• _Prompt_:
All of the data should be given again word for word, though the images are to be left out.

• _Raw data_:
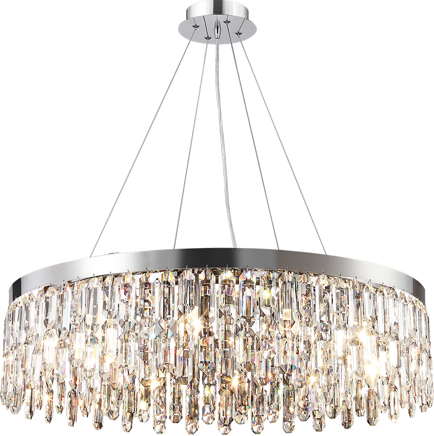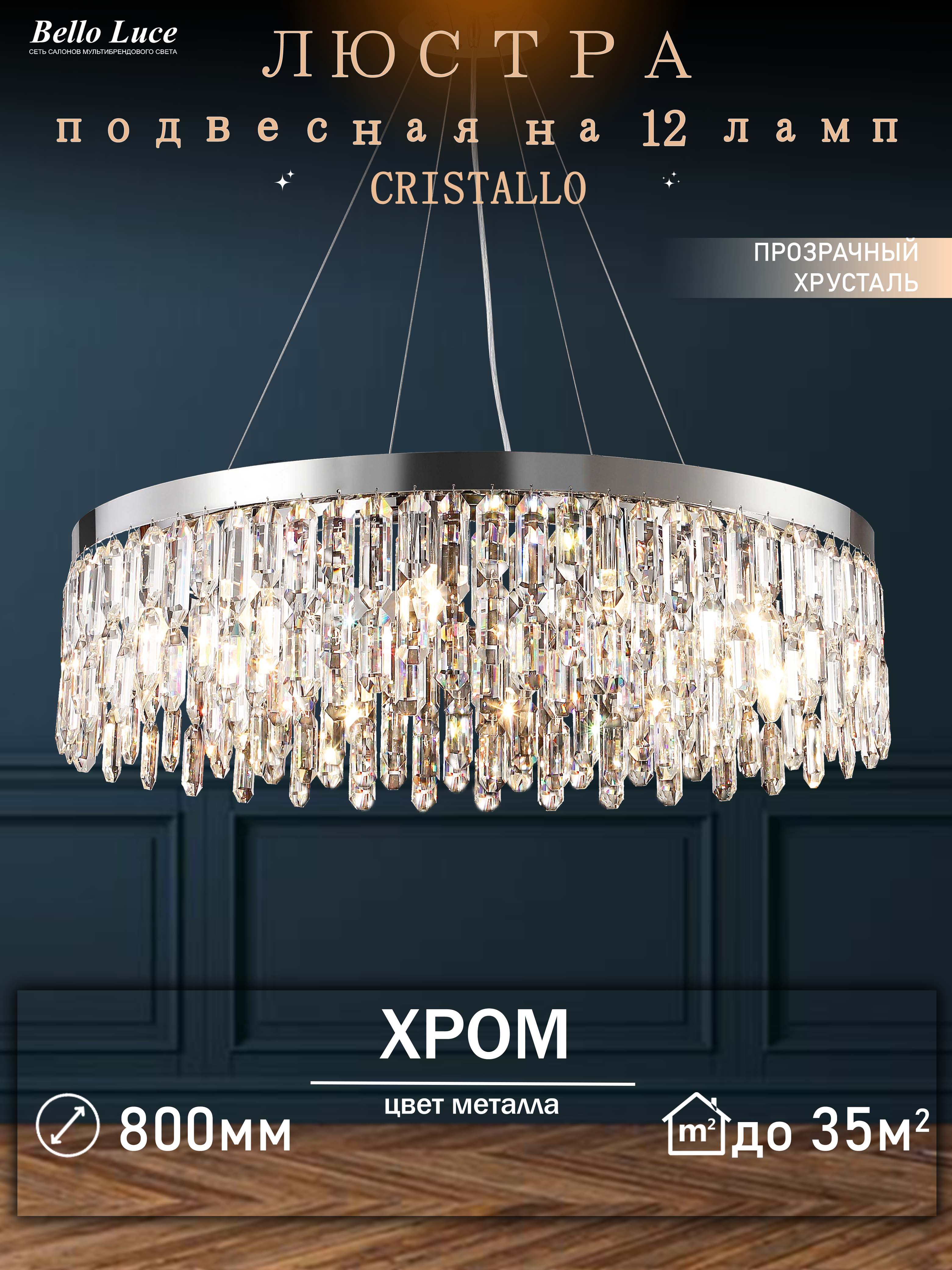 Компания Мегасвет предлагает вам оптом и в розницу Люстра Cristallo хрустальная хром подвесная с прозрачными хрустальными подвесками на 12 ламп E14, регулировка по высоте по цене 51237 рублей.
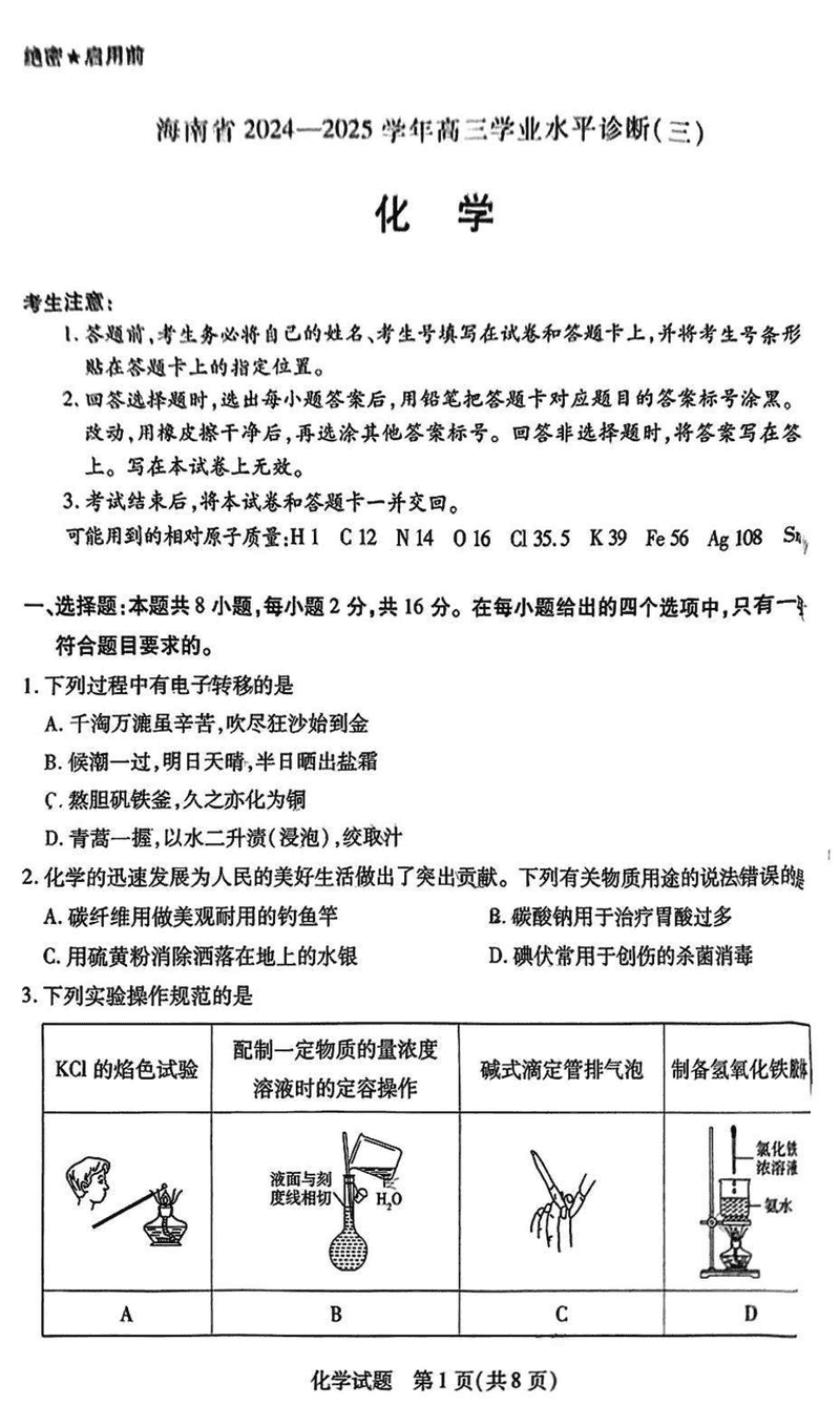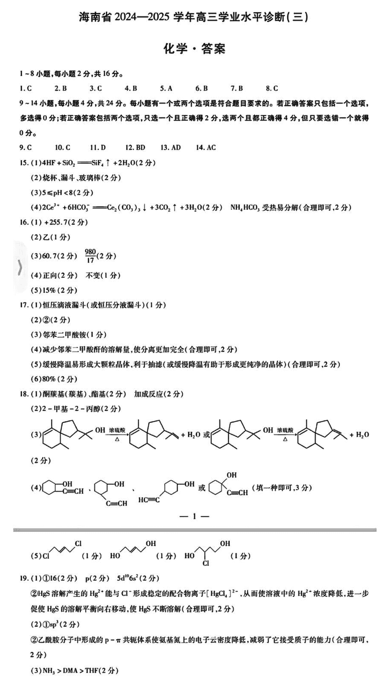 海南省天一大联考2024-2025学年高三学业水平诊断(三)化学考试已于近日开考,为方便考生考后及时查看考试情况,查漏补缺、弥补不足,本文整理了试题答案解析相关信息!
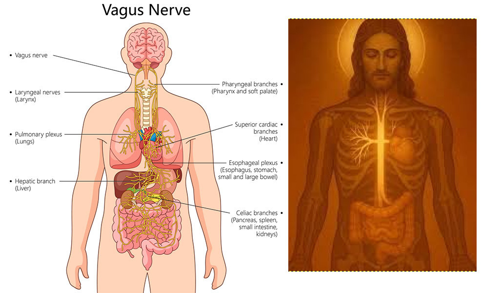 The vagus nerve does not resemble a cross. Anatomically, it is branching and tree-like, spreading through the chest and abdomen. The cross comparison exists only because Christians already regard the cross as sacred. It is more like projection, and not perception.
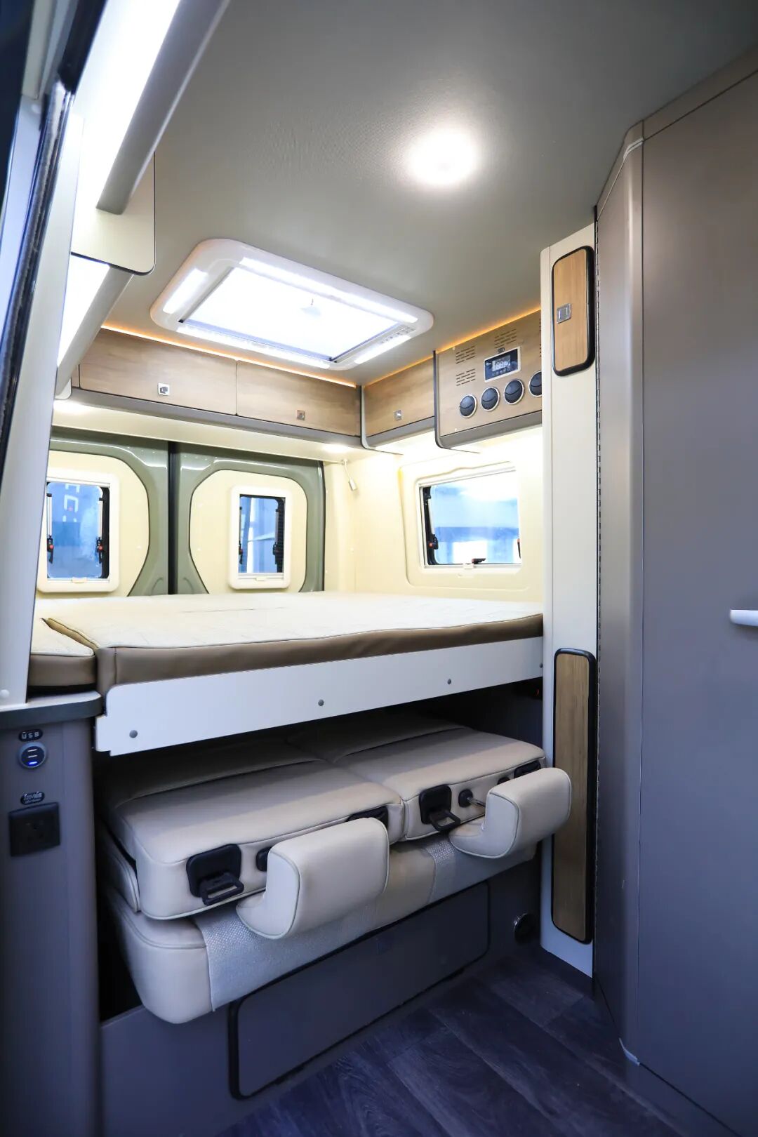 让舒适度更高的品质房车。景宴•栖550采用上汽大通V90长轴高顶底盘,可选6速手动/自动变速箱,搭载2.0T上汽π发动机,能达最佳燃烧效率。最大功率110KW,峰值扭矩375N•m,最高车速150km/h,油箱容积80L、尿素罐容积20L,核载4~5人,采用前置前驱后单胎,传动效率高,全承载式框架结构轻量化车身,强度高,质量轻。满足国六排放标准,C证蓝牌即可驾驶。

• _The answer_:
 Компания Мегасвет предлагает вам оптом и в розницу Люстра Cristallo хрустальная хром подвесная с прозрачными хрустальными подвесками на 12 ламп E14, регулировка по высоте по цене 51237 рублей.
 海南省天一大联考2024-2025学年高三学业水平诊断(三)化学考试已于近日开考,为方便考生考后及时查看考试情况,查漏补缺、弥补不足,本文整理了试题答案解析相关信息!
 The vagus nerve does not resemble a cross. Anatomically, it is branching and tree-like, spreading through the chest and abdomen. The cross comparison exists only because Christians already regard the cross as sacred. It is more like projection, and not perception.
 让舒适度更高的品质房车。景宴•栖550采用上汽大通V90长轴高顶底盘,可选6速手动/自动变速箱,搭载2.0T上汽π发动机,能达最佳燃烧效率。最大功率110KW,峰值扭矩375N•m,最高车速150km/h,油箱容积80L、尿素罐容积20L,核载4~5人,采用前置前驱后单胎,传动效率高,全承载式框架结构轻量化车身,强度高,质量轻。满足国六排放标准,C证蓝牌即可驾驶。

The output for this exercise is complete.